Kolejny mechanik: "Tutaj trzeba dobrego elektryka bo sugeruję wymianę komputera - polecił mi swojego kolegę"
Kolejny Mechanik: "Trzeba sprawdzić czujnik temperatury bo to on może szaleć"
Kolejny Mechanik: " Tu może być zmienna faza rozrządu, miałem taki przypadek z Puncie 1,3 "
I tutaj moja prośba do wszystkich którzy mogą mieć informacje na ten temat albo mieli podobny problem, nie chcę jeździć po "fachowcach" chciałbym dostać informację że to jest zepsute i trzeba to wymienić wymiana 500 i będzie już pan jeździł spokojnie, bo nie ukrywam nie jestem jakoś bardzo dziany i każda diagnoza która nie przynosi skutków jest dla mnie wydatkiem który mógłbym lepiej wykorzystać.

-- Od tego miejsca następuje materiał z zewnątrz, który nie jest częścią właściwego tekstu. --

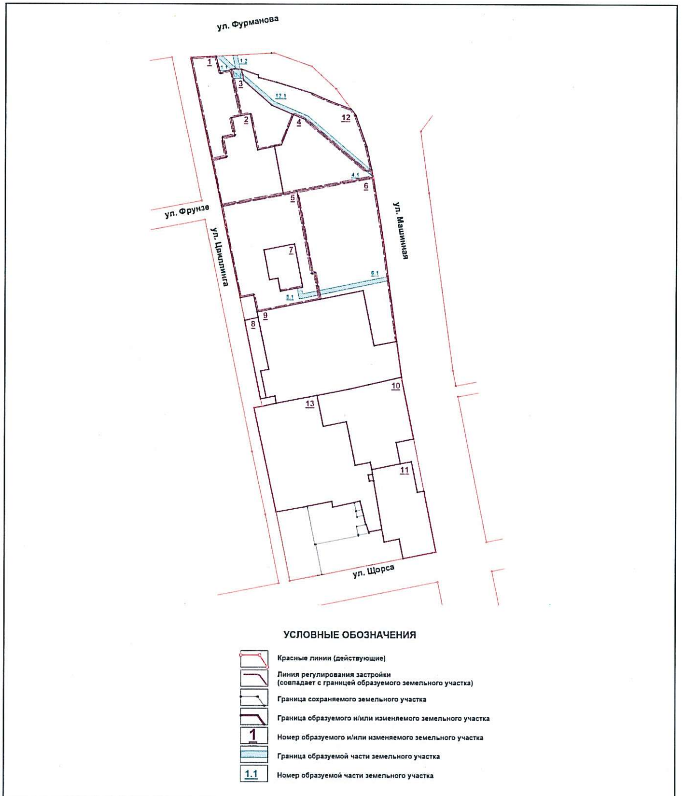
Схема межевания территории

Приложение № 6 к приказу Министерства строительства и развития инфраструктуры Свердловской области от 26.12.2017г № 1394-П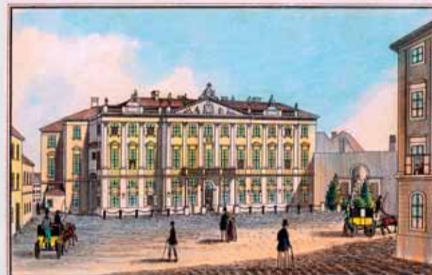
Primaciálne námestie s palácom na kolorovanom lepte Vincenta Reima z polovice 19. storočia.

Uhorský kráľ a neskôr aj rímsko-nemecký cisár Žigmund Luxemburský (žil v rokoch 1368 – 1437) sa vyznačoval nesmiernou chuťou do jedla. Hraničila priam s obzerstvom. V Archíve mesta Bratislavy sa zachovalo viacero dobových správ a dokumentov, potvrdzujúcich túto jeho vášeň. Roku 1410 na stretnutí Žigmunda s rakúskym vojvodom Ernestom v Bratislave len im dvom priniesli na stôl 1 teľa, 2 ovce, 4 prasce, 28 kureniec, 17 káhov, 1 kapúna a 200 vajčiek. Pochopiteľne, pekne a chutne upravených. V iný pôstny deň zasa Žigmundov jedálny lístok pozostával popri množstve nakladaných a solených rýb aj zo stovák haringov a 4-tisíc rakov. O tom, či toto „pôstne sústo“ stihol skonzumovať, pramene už nehovorí.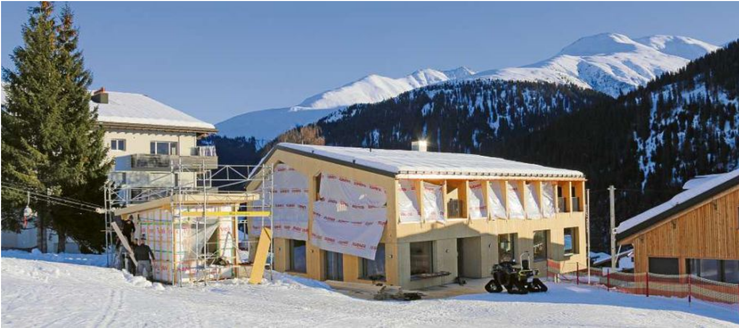
Las davosas lavurs vegnan fatgas avon che l'avertura officiala sappi vegnir festivada sonda proxima.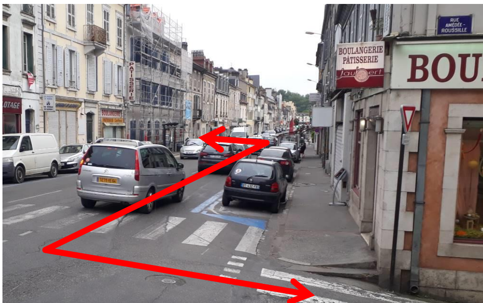
Figure 3 - Intersection V81 / rue du XIV juillet

Sur la commune de Pau , nous osons espérer que l'intersection avec la rue du XIV juillet ne restera pas en l'état. Actuellement, pour relier la rue du Soust et la rue Amédée Roussille, les usagers de la véloroute sont confrontés à 60 mètres de circulation à haut risque sur la rue du XIV juillet empruntée par plusieurs milliers de véhicules par jour. Comme préconisé par le cahier des charges du SN3V, le strict minimum et seulement à titre provisoire , est d'aménager des bandes cyclables pour assurer la continuité de l'itinéraire, ce qui n'est pas le cas aujourd'hui. L'option d'une passerelle suspendue en surplomb du gave a-t-elle définitivement été écartée ? Si oui, l'aménagement d'une piste sécurisée s'avère nécessaire, au moins sur cette portion, si ce n'est sur l'ensemble de la rue du XIV juillet, ce qui assurerait une continuité cyclable avec les aménagements déjà réalisés avenue Henri IV à Jurançon. Cet axe XIV juillet/Marca étant cité dans le baromètre de la FUB comme un des principaux points noirs de la ville, nous désirons aborder ultérieurement et de manière exhaustive ce sujet avec la Direction des Mobilités.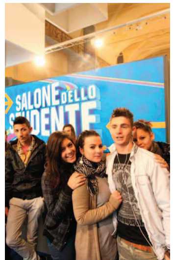
Studenti all'ingresso di Santa Maria della Pietà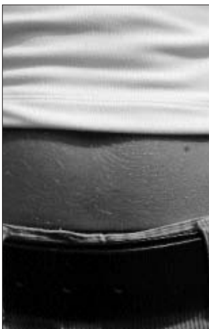
Donn ch'ins vesa betg l'umbli.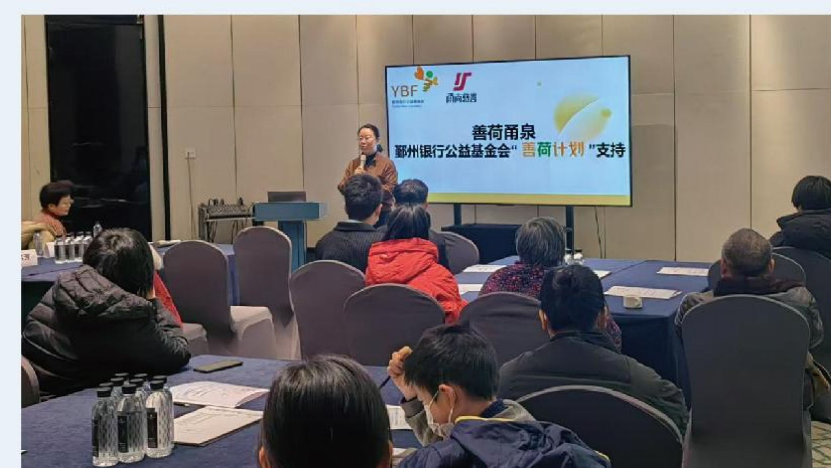
善荷甬泉——第一次血友病患者家庭小组支持会议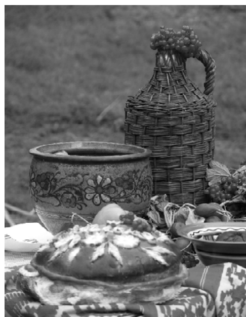
Рис. 5. Плетений короб із однією ручкою для скляної ємкості; Обласний благодійний фестиваль «Ми діти твої, рідний краю!» (с. Попівка Конотопського р-ну Сумської обл. Фото 2012 р.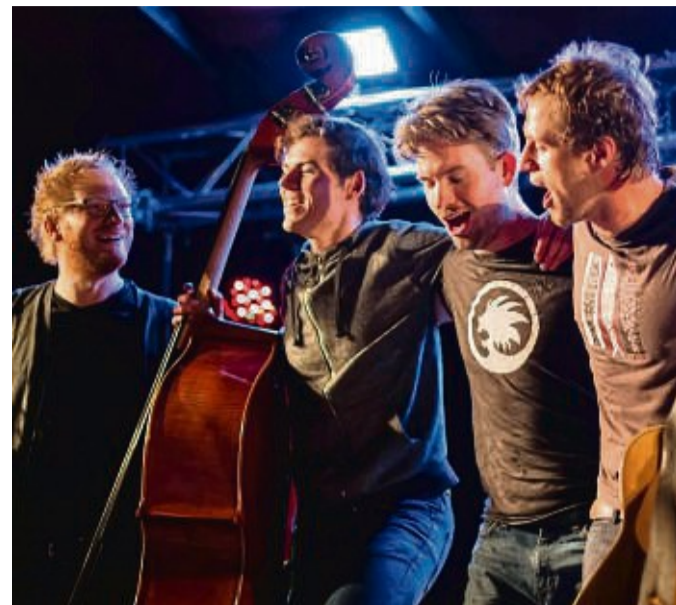
„Ramm Tamm Tilda“ verspricht Musik, die überall und zur Not auch ohne Strom funktioniert.

80 Künstler treten am 3. und 4. September in Korbach auf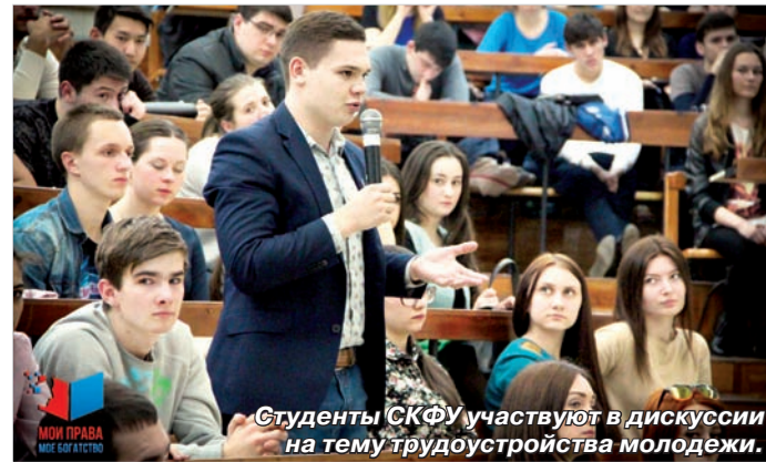
Студенты СКФУ участвуют в дискуссии на тему трудоустройства молодежи.

В Ставрополе завершился своеобразный студенческий марафон «Мои права – мое богатство». Этот проект стал победителем конкурса молодежных проектов Всероссийского молодежного форума «Территория смыслов на Клязьме».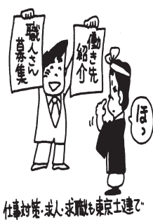
足立支部求人募集

足立支部ではあくまでも情報提供のみとさせていただきます。契約内容等における責任は一切負いかねます。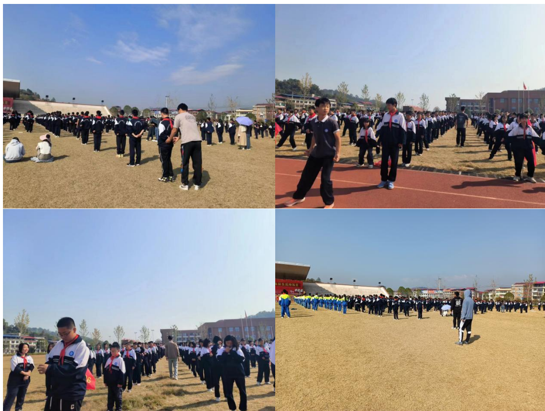
图 5-1 大课间过程纠正指导动作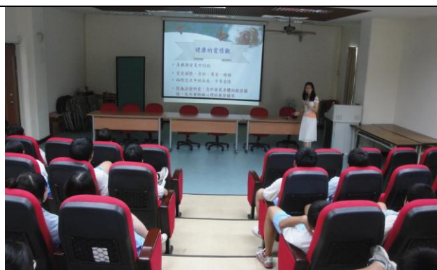
健康愛情觀—關懷、責任、互重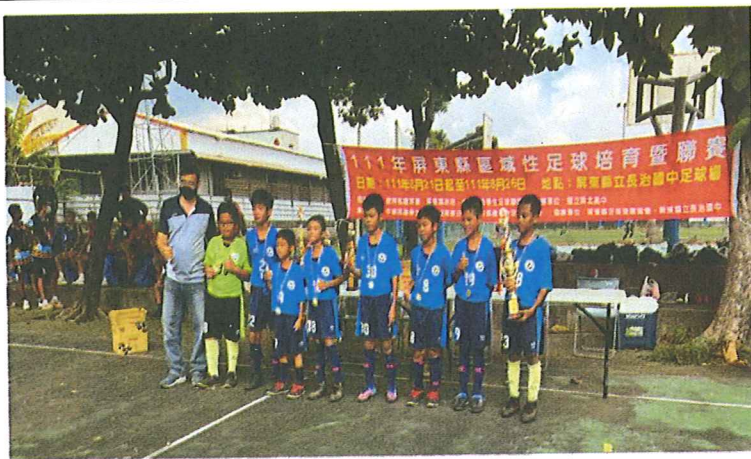
8 月 屏北區域性聯賽-盃賽冠軍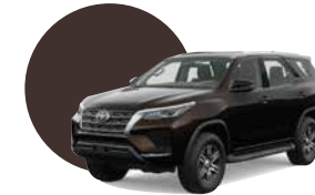
4W9 | CAFE METÁLICO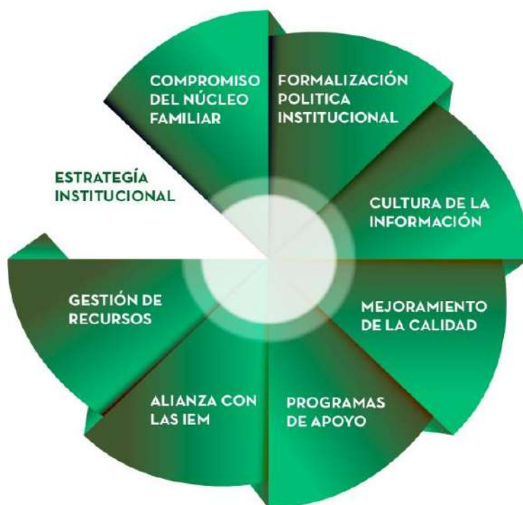
Figura 4. Estrategia Institucional.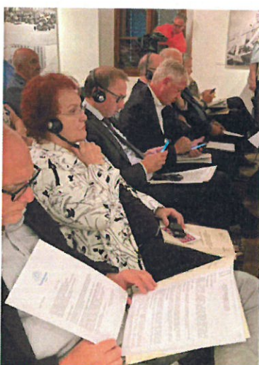
Avtorica na eni od mednarodnih konferenc

V izvajanju letosnjega delovnega programa izstopajo: Povezovanje sekretariata s predstavniki držav predsedstev trojke Svetu EU, da bi se dale teme za starijih v svoje programe in sporocila. Tema teh kontaktov so bila tudi dogajanja v Ukrajini in zavezanje za pomoč tamskajšnim starijem, skupini za katero v začetku spopadov ni imel nihče. Še naprej je v ospredju delo na človeških pravicah starijih in Medsektorne komisije za pridobitev mednarodno obvezujočega instrumenta za njihovo zaščito. Aktualno je skiranje vrsel v obdobju zakonodaj in sodelovanje v organih G20, kjer naj bi nastala Konvencija, med drugimi pa Kanada, Znanje in krasjevo, Nemčija, Avstrija, Italija in Slovenija. Veliko energije je bilo vloženo v pripravo strokovnih osnov za evropsko Strategijo dolgotrajne oskrbe, ki jo je napovedala predsednica EK. Če tem je nekje še razprava o IMBih. Nadajlje se delo na Želeni knjigi s spodbujanjem EK za več uredecev po posameznih področjih. Predstavljati je bil AGE barometer za leto 2021, ki prikazuje, kaj je bil dosežen napredek v potražanju starijih po državah in priprave na Barometer 2023. Aktualno je ugotavljanje uresničevanja dolobč. Evropskega akta o socialnih pravicah, predvsem na področju minimalnega dohodka, kot osnove za Priporočilo Sveta EU. Intenzivno je bilo spremljanje uresničevanja zavezi iz MIRA (Madridskega mednarodnega plana za starije), ki vključa vsakih pet let. V ta proces je bila vključena tudi ZDUS, tako s poročilom nosilcu naloge v Slovenji (MDDSZ)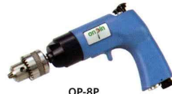
OP-8P Handle exhaust 下排氣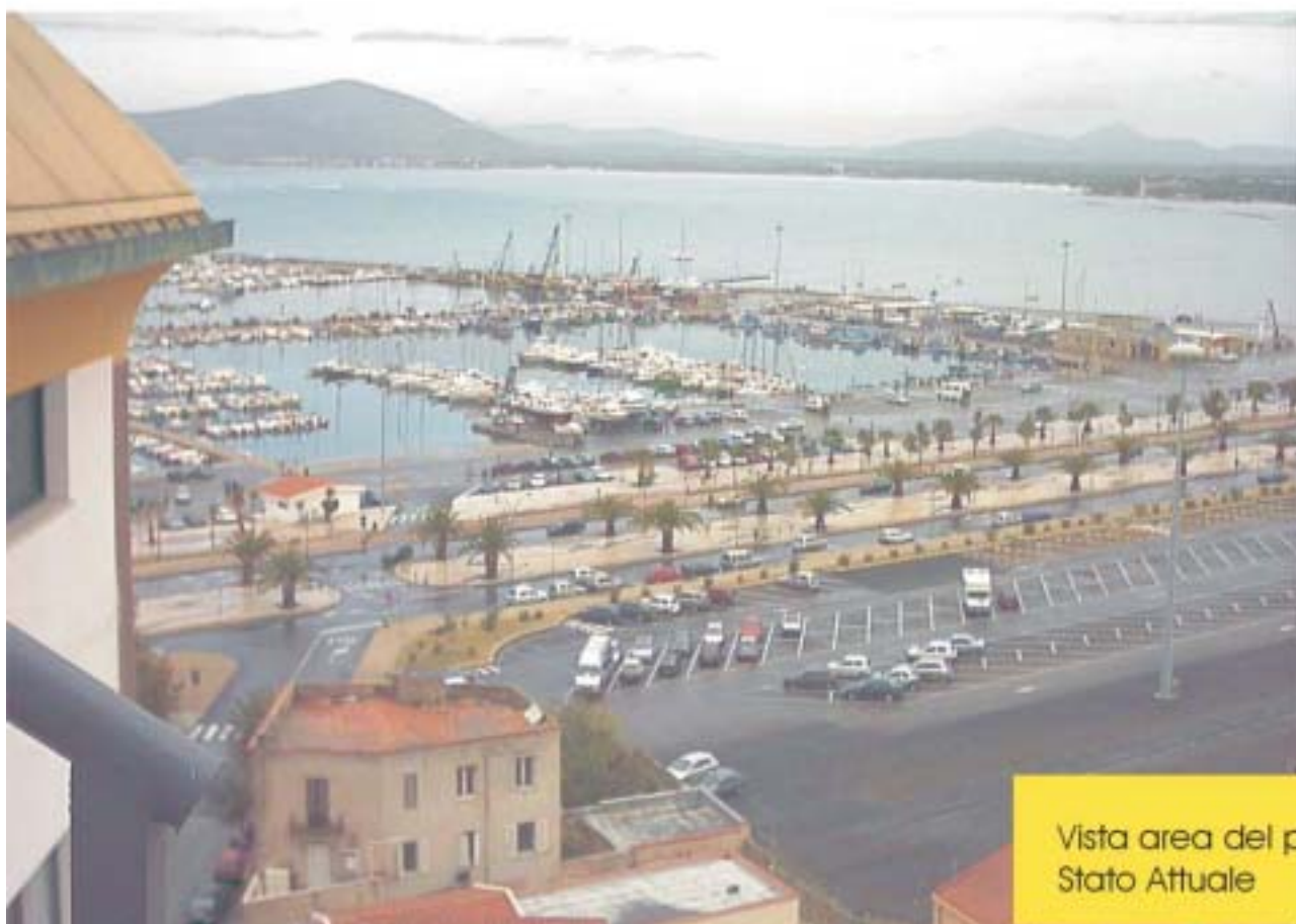
Vista area del piazzale Stato Attuale

Jeśli jest ktoś z Gliwic albo okolic i jest mi w stanie pomóc będę bardzo wdzięczny i na pewno się odwdzięczę jak tylko będę mógł, nawet za poradę która mi pomoże stawiam browar pomocnemu klubowiczowi
Pozdrawiam i z góry dzięki za pomoc
P.S Gdzie znajduje się czujnik temperatury??